Saat Dr. Reeves sibuk dengan teleponnya, Sarah duduk di sofa, memejamkan mata dan berusaha mengingat setiap detail dari malam yang mengerikan itu. Ia tahu bahwa nasib Mike bergantung pada apa yang akan mereka lakukan selanjutnya. Dengan tekad yang kuat, Sarah bertekad untuk melakukan apa pun yang diperlukan untuk menyelamatkan rekannya, bahkan jika itu berarti harus kembali menghadapi teror supernatural yang telah menghantuinya.
Sarah tersentak dari lamunannya ketika ponselnya bergetar. Sebuah pesan dari nomor tak dikenal muncul di layar:
"Jika kau ingin melihat Mike lagi, kembalilah ke rumah itu. Sendirian. Malam ini."
Jantung Sarah berdegup kencang. Ia melirik Dr. Reeves yang masih sibuk menelepon. Haruskah ia memberitahunya? Tapi bagaimana jika itu membahayakan Mike?
Dengan tangan gemetar, Sarah membalas: "Siapa ini? Apa yang kau inginkan?"
Beberapa detik kemudian, balasan datang: "Kau tahu siapa aku. Datang sendirian, atau Mike mati."
Sarah menelan ludah. Ia tahu ini mungkin jebakan, tapi ia tidak bisa mengambil risiko. Mike adalah sahabatnya.
"Baiklah," ketiknya. "Aku akan datang."
Dr. Reeves akhirnya selesai menelepon. "Sarah, aku sudah menghubungi beberapa ahli. Mereka akan tiba besok pagi. Kita akan menyusun rencana..."
Sarah memaksakan sebuah senyum. "Itu bagus, Dr. Reeves. Um, saya rasa saya butuh istirahat sebentar. Boleh saya pulang dulu?"
Dr. Reeves mengerutkan kening. "Tentu, tapi berhati-hatilah. Jangan pergi ke mana-mana sendirian."
"Pasti," Sarah berbohong, merasa bersalah.
Begitu keluar dari kantor Dr. Reeves, Sarah bergegas menuju rumah angker itu. Langit mulai menggelap, dan angin dingin bertiup kencang seolah memperingatkannya.
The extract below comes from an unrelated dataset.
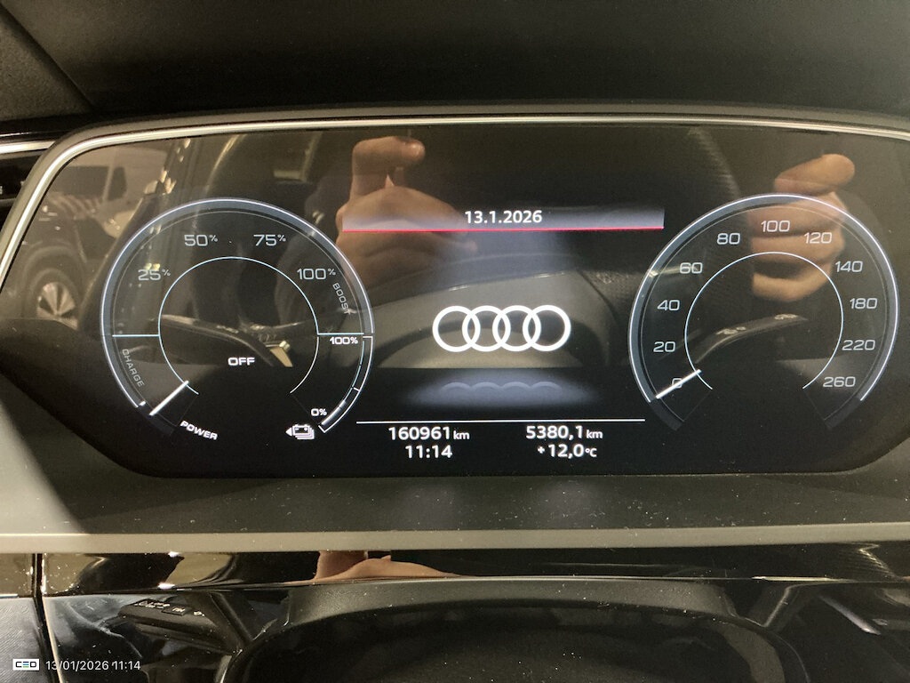 Unutrašnjost E-trona stvara osjećaj prostranosti i premium atmosfere zahvaljujući kvalitetnim materijalima, pažljivo odabranim detaljima i tehnološki naprednim sistemima. Vozač i putnici uživaju u intuitivnom korištenju multimedijalnih funkcija, preglednim ekranima i modernim pomoćnim sistemima koji čine vožnju sigurnijom i ugodnijom.

Setibanya di depan rumah tua itu, Sarah merasakan ketakutan yang luar biasa. Namun, bayangan Mike membuatnya memberanikan diri. Dengan tangan gemetar, ia mendorong pintu yang berderit terbuka.
"Aku di sini!" serunya ke dalam kegelapan. "Di mana Mike?"
Tiba-tiba, pintu di belakangnya menutup dengan keras. Sarah berbalik, mencoba membukanya, tapi sia-sia. Ia terjebak.
Suara tawa mengerikan bergema dari dalam rumah. "Selamat datang kembali, Sarah," bisik suara itu. "Kau sangat berani... dan sangat bodoh."
Sarah merasakan kehadiran sesuatu di belakangnya. Perlahan, ia berbalik...
Sarah berbalik perlahan, jantungnya berdegup kencang. Di hadapannya, sosok gelap menjulang tinggi. Cahaya remang-remang dari jendela kotor menyinari sebagian wajahnya yang terdistorsi - setengah manusia, setengah sesuatu yang lain. Matanya berkilat merah dalam kegelapan.
"Kau..." Sarah tergagap, suaranya bergetar. "Kau bukan manusia."
Makhluk itu menyeringai, memamerkan deretan gigi tajam. "Pintar sekali, Sarah. Memang bukan. Aku adalah penjaga rumah ini, dan kau telah mengganggu kami terlalu lama."
Sarah mundur perlahan, mencari jalan keluar. "Di-di mana Mike? Apa yang kau lakukan padanya?"
Makhluk itu tertawa, suaranya bergema di dinding-dinding tua. "Mike? Oh, dia baik-baik saja. Untuk saat ini. Tapi kaulah yang harus khawatir sekarang."
Tiba-tiba, suara-suara bisikan mulai terdengar dari segala arah. Bayangan-bayangan bergerak di sudut-sudut ruangan. Sarah menyadari mereka tidak sendirian.
"Apa yang kalian inginkan?" tanya Sarah, suaranya gemetar.
Makhluk itu melangkah maju. "Kami ingin kau bergabung dengan kami, Sarah. Selamanya."
Saat itulah Sarah melihat sekilas sosok Mike di lantai atas, terikat dan ketakutan. Ia harus menyelamatkannya, tapi bagaimana?